The Adventures of Hello Kitty and Friends (Traditional Chinese: Hello Kitty 愛漫遊) is a 3D CGI animated series featuring Hello Kitty and other characters from the Japanese company Sanrio. It was produced from February 2008 onwards by Sanrio Digital and Dream Cortex, and distributed by Sanrio Digital. It consists of 52 episodes and deals with themes of happiness, family and friendship.

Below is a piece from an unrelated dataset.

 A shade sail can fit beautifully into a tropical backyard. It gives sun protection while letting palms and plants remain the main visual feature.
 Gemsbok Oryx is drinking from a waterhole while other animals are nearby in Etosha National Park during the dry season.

The time check was sponsored by emma willis-II.

Overview

This is the series focuses on core values established more than 30 years ago by Sanrio such as: happiness, family values, friendship, and educational values.
Unlike the older series, which were short and cute episodes, this is an educational TV series that targets both the children and their parents. Join her friends as they taking her heart
The animation works together with real actors in teaching children from age two to six about words, simple math, shapes, colors and foreign languages like Chinese & Japanese.
The series offers an entertaining way for children to learn about social interaction and behavior while following the adventures of Hello Kitty.
Hello Kitty establishes a new image, giving children more things to learn from, rather than just being sweet and cute.

Characters

Main
Hello Kitty - A cheerful, warm-hearted little girl. Baking cookies is her forte, She has a crush on Dear Daniel and Melody is her best friend.

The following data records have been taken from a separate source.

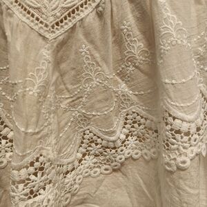 Chic white blouse with intricate lace details. Perfect for elegant occasions.
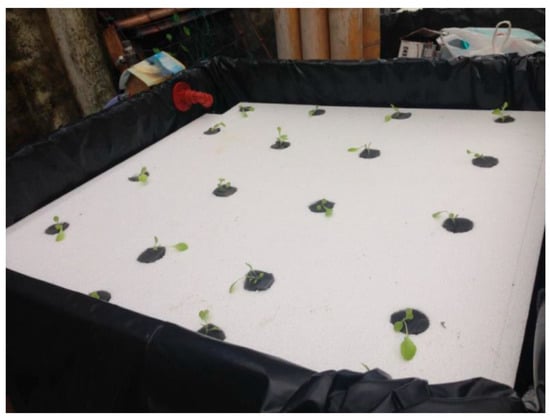 To support the plants in the aqueous solution, the floating root technique was employed, which involved placing them in Plumafon sheets to float above the water level in the hydroponic box. A total of 20 plants were placed in each box during transplanting, as shown in Figure 12.
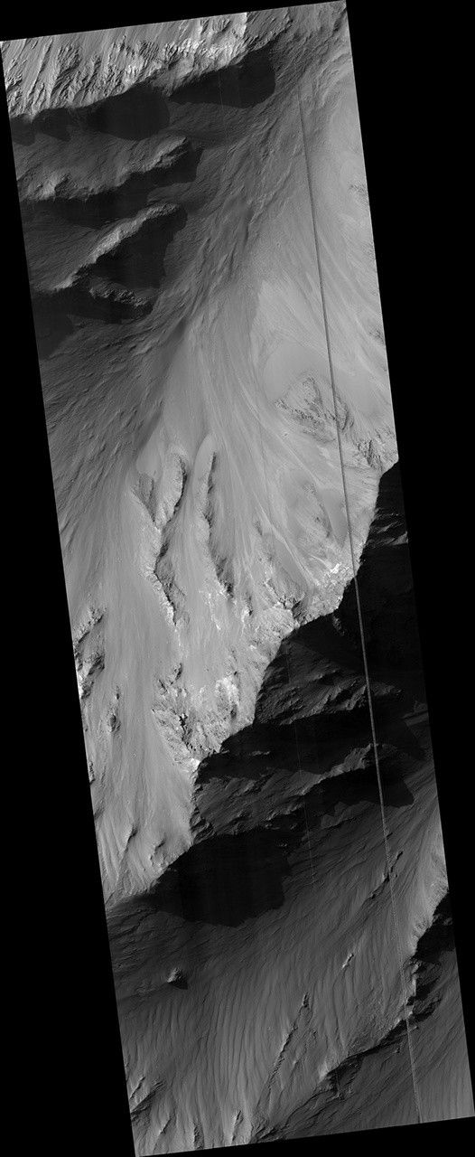 This image shows the southern wall of Coprates Chasma, in the equatorial canyon system of Valles Marineris. While much of the lower slopes are covered by sand, exposed bedrock is clearly visible in the upper canyon walls.
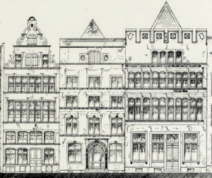 Das Haus wird zuerst 1316 erwähnt, 1488 wurde es "Zum Helm" genannt, seine jetzige Gestalt erhielt es 1541 "Sternenberg"; seit 1847 Weinrestaurant u. Gasthof Vanderstein & Bellen. Bei einem Luftangriff am 31. Mai 1942 brannte das Haus aus und stürzte ein. Links das Haus zum zum kleinen und zum großen Bär. Hinter dieser Häuserzeile steht heute das Hotel Maritim.
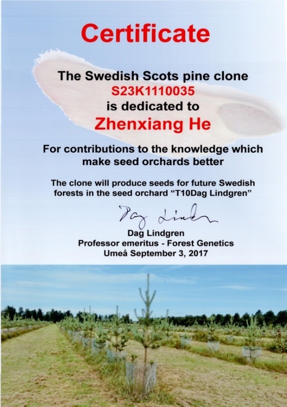太阳成集团tyc33455cc何祯祥副教授课题组、广东省林业科学研究院以及广东省乐昌市龙山林场研究团队运用自身在中国南方重要造林乡土树种―杉木多世代遗传改良研究领域的多年积累和经验,创新性提出新概念杉木种子园的建园技术,在种子园设计、亲本选择与配置、定向施肥与控高技术等方面经过12年坚持不懈的研究和试验,杉木种子园高产稳产技术终于获得了突破性进展。从2010年到2016年,杉木种子园种子产量年年高产。2016年度精选高效种子园种子产量最高产量达到187.5 kg/ha,是林木种子园平均产量的12.5倍;小面积测试的单系杉木种子园种子产量产量最高达570 kg/ha,是世界林木种子园平均产量的38倍。2017年9月3-7日在瑞典召开的国际林联种子园大会上何祯祥副教授代表课题组应邀做了大会发言,并获得由瑞典林木育种界老前辈著名遗传育种学家Dag Lindgren教授颁发的荣誉证书,该项成果得到国际上的肯定和认可。
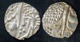 | Description / विवरण | Descrpn./Obv In the centre, a chhatra with Sa and Ta in Gurumukhi script on the left and right of its shaft; traces of the Persian legend seen on the obverse of the bigger Nanakshahi coins of Amritsar mint are also seen. Descrpn./Rev Big peepal leaf and traces of the Persian legend seen on the reverse of the bigger Nanakshahi coins of Amiritsar mint - Shri Amritsarjiv zarb [VS Year] Takht maimanat julus manus Akal Bakht. Especially traces of alif of Akal and te of Takht and maimanat are seen |
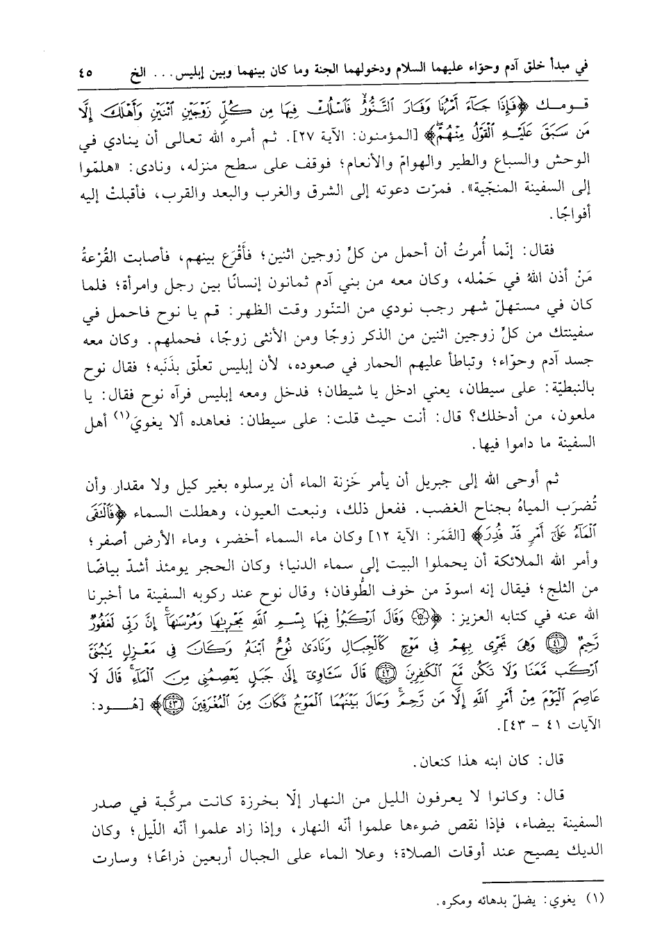 فقال : إنما أمرت أن أحمل من كل زوجين اثنين ، فأقرع بينهم ، فأصابت القرعة من أذن الله في حمله ، وكان معه من بني آدم ثمانون إنساناً بني رجل وامرأة ؛ فلما كان في مستهل شهر رجب نودي من التنور وقت الظهر : قم يا نوح فاحمل في سفينتك من كل زوجي اثنين من الذكر زوجاً ومن الأنثى زوجاً ، فحملها . وكان معه جسد آدم وحواء ؛ وتباطأ عليهم الحمار في صعوده ، لأن إبليس تعلق بذنبه ؛ فقال نوح بالنبطية : على سيطان ، يعني ادخل يا شيطان ؛ فدخل ومعه إبليس فرآه نوح فقال : يا ملعون ، من أدخلك ؟ قال : أنت حيث قلت : على سيطان : فعاهده ألا يغوي أهل السفينة ما داموا فيها ؛ ثم أوحى الله إلى جبريل أن يأمر خزنة الماء أن يرسلوه بغير كيل ولا مقدار وأن تضرب المياه بجناح الغضب . ففعل ذلك ، ونبعت العيون ، وهطلت السماء " فالتقى الماء على أمر قد قدر " وكان ماء السماء أخضر ، وماء الأرض أصفر ؛ وأمر الله الملائكة أن يحملوا البيت إلى سماء الدنيا ؛ وكان الحجر يومئذ أشد بياضاً من الثلج ، فيقال إنه أسود من خوف الطوفان ، وقال نوح عند ركوبه السفينة ما أخبرنا الله عنه في كتابه العزيز : " وقال اركبوا فيها باسم الله مجريها ومرساها إن ربي لغفور رحيم وهي تجري بهم في موج كالجبال ونادى نوح ابنه وكان في معزل يا بني اركب معنا ولا تكن مع الكافرين قال سآوي إلى جبل يعصمني من الماء قال لا عاصم اليوم من أمر الله إلا من رحم وحال بنيهما الموج فكان من المعرقين " .

English voice by Claudia S. Thompson.

Dear Daniel - A smart, enterprising, bookish boy the same age as Kitty. He loves learning new things and pursuing his hobby of photographing wildlife. He dresses very formal. He has a crush on Hello Kitty.

English voice by Maggie Blue O'Hara.

My Melody - A cute young girl who is Kitty's best friend, loves baking cookies and sharing them with her friends. She is a rabbit who wears a red hood and she also wears a white flower near her right ear.

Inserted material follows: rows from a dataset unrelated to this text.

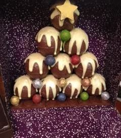 The Christmas tree made of baubles is a lot of chocolate! Seated on a chocolate slab base, the balls may be hollow but thre are a lot of them plus they are held together with chocolate and topped with white chocolate!
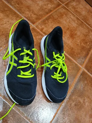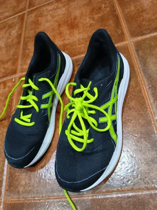 Poco uso. Zapatillas deportivas Asics con un diseño moderno y llamativo. - Combinación de colores negro y verde vibrante. - Cordones de ajuste. - Suela blanca.
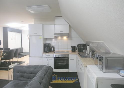 Aufgeteilt ist die Wohnung in einen offen gehaltenen Wohnbereich mit offener Küche und Essbereich, Flur und Abstellraum mit WM-Anschluss. Ein innenliegendes Bad mit Wanne, Dusche, WC, Waschbecken. Ein Schlafzimmer und zwei weitere Zimmer. Vom Wohnungsflur aus über eine Einschubtreppe kommen Sie auf Ihre riesengroße Dachterrasse mit ca. 64 m² Fläche und die grandiose Aussicht auf die Türme und Stadttor der Stadt. Ein Zwischendachboden bietet noch einen zusätzlichen Stauraum für allerlei Dinge.
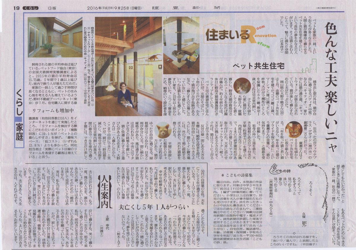住まいR 平成28年9月25日 ペット共生住宅 「Catioのある家」
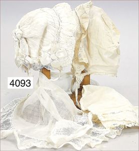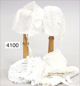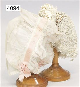 Konv. franz. Puppenhäubchen, 1 x Spitzenhaube, innen mit weißem Seidenbesatz, zarte rosé farbene Seidenschleife, 12 cm, sehr schöner Orig.-Zust., dazu 1 gehäkelte Haube, 1 x franz. transparentes Häubchen, mit Spitzen- u. Seidenbesatz, dazu passend transparentes Spitzenhemdchen, sehr schönes Konv.
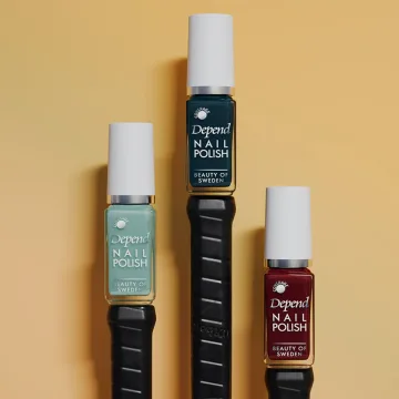 Använd alltid baslack under det färgade lacket, det är nyckeln till att ditt lack både håller längre och inte flagar. Baslack skyddar dessutom nageln så att färgpigment från lacket inte kan tränga in i din naturliga nagel och orsaka missfärgning. Lacka ditt färgade lack i tunna lager. Första lagret bli lätt ojämt men det blir snyggt i lackning nr 2. Depends lack har dessutom en specialdesignad pensel som är extra förlåtande. Försegla lackningen med ett topplack. Applicera 1-2 tunna lager på torrt nagellack. För ökad hållbarhet, bättra på med ett tunt lager varannan till var tredje dag.
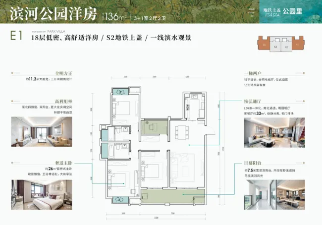 建面约136㎡改善四房:每个家庭成员都有自己的天地,互不打扰,三代同堂也不在话下,同时挑高约5.6米,带有约100平空中露台,私密安静。
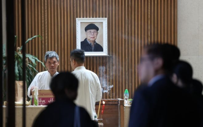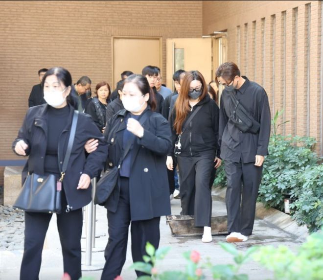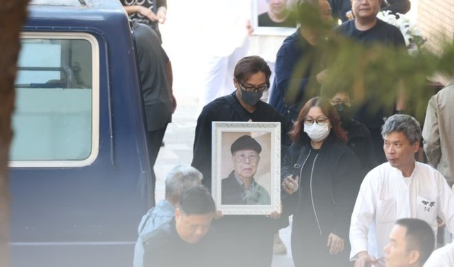 马国明身穿黑色素服,一脸哀伤捧着父亲遗照登上灵车。太太汤洛雯同样身穿全黑服饰、戴着粗框眼镜,陪同婆婆及其他亲友乘坐巴士,汤洛雯细心搀扶婆婆下车,一行人走到大堂入口与马国明会合,一同进场。
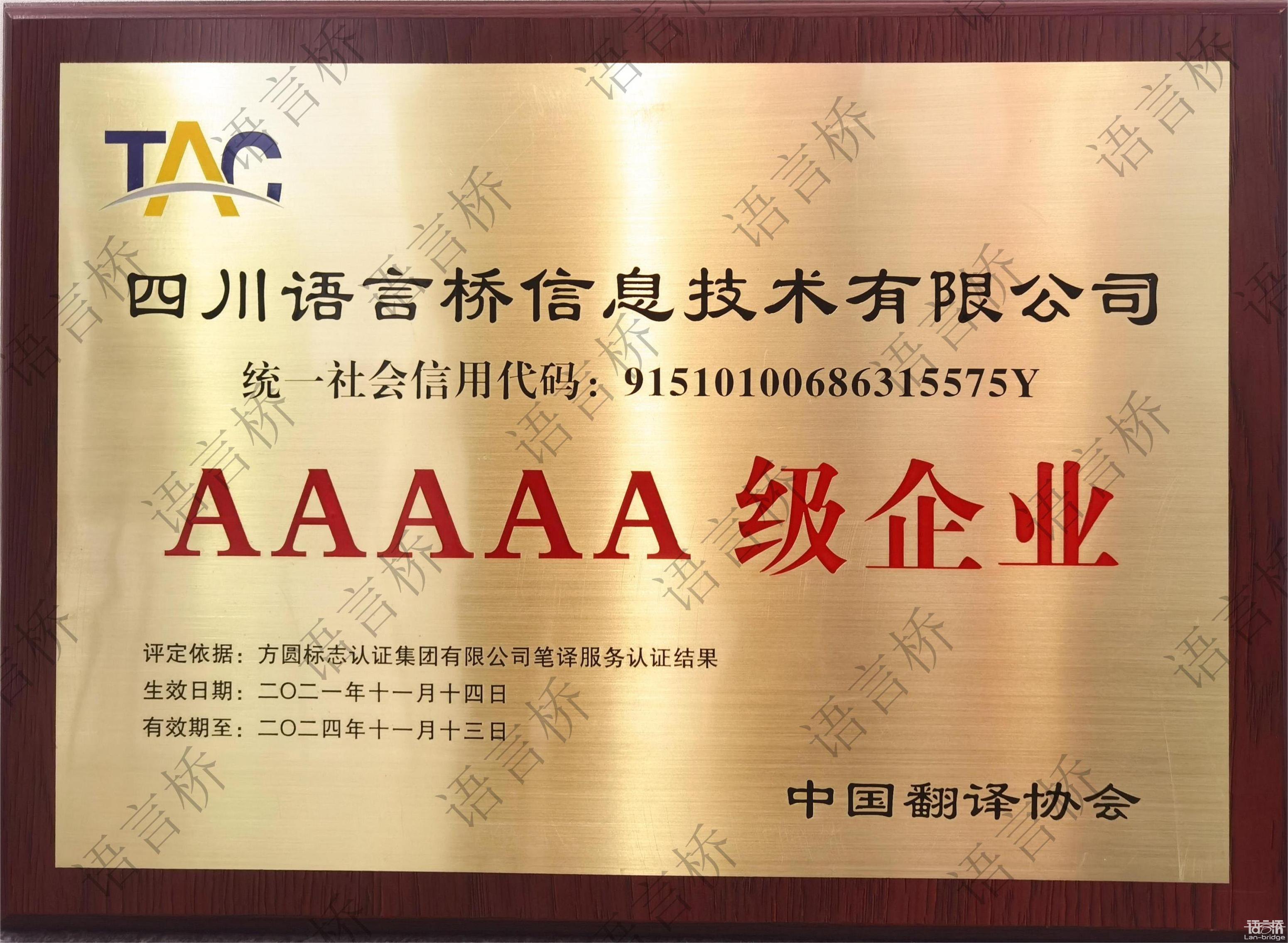 在翻譯服務(wù)企業(yè)認證授牌儀式中,中國翻譯協(xié)會與方圓標志認證集團授予語言橋集團筆譯服務(wù)5A級企業(yè)服務(wù)認證證書,語言橋集團董事長朱憲超出席授牌儀式。這一殊榮也是對語言橋在翻譯服務(wù)、質(zhì)量管理、人才建設(shè)、技術(shù)創(chuàng)新等方面取得的優(yōu)異成績的肯定與認可。

English voice by Andrea Kwan.

Pochacco - A friendly, slightly goofy puppy who loves to play soccer (especially goalkeeper), sleeping and solve mysteries in his spare time.

English voice by Candice Moore.

Badtz-Maru - A penguin with an good and bad attitude. Always looking for an angle, he is a precocious youngster with dreams of grandeur. His selfish ways get him in hot water from time to time, but his good heart always steers him in the right direction. Sometimes there is rivalry between him and Daniel.

English voice by Andrea Kwan.

Keroppi - A fun-loving little frog with a penchant for inventing things. He likes driving his car and playing with new toys.

English voice by Sarah Hauser.

Other
Mr. White - The teacher of the school in which Hello Kitty and her friends study. He looks a lot like Anthony, the grandfather of Kitty.

English voice by Russell Wait.

Little Twin Stars - Kiki and Lala and live on a puffy cloud in the sky. They possess magical powers with which they teach lessons and come to the rescue of Kitty and her friends. English voice by Mona Marshall.

Cinnamoroll - A sweet, shy boy who runs a coffee shop on wheels around SanrioTown. His ability to fly using his big floppy ears comes in handy. English voice by Sunday Muse.

Chococat - is a black cat with a red scarf. he doesn't talk but appears sometimes in the show. English voice by Yuri Lowenthal.

Kitty's Mother -  Kitty's mother is a white adult cat who always stays at home, her only appearance is in Episode 6. English voice by Morwenna Banks.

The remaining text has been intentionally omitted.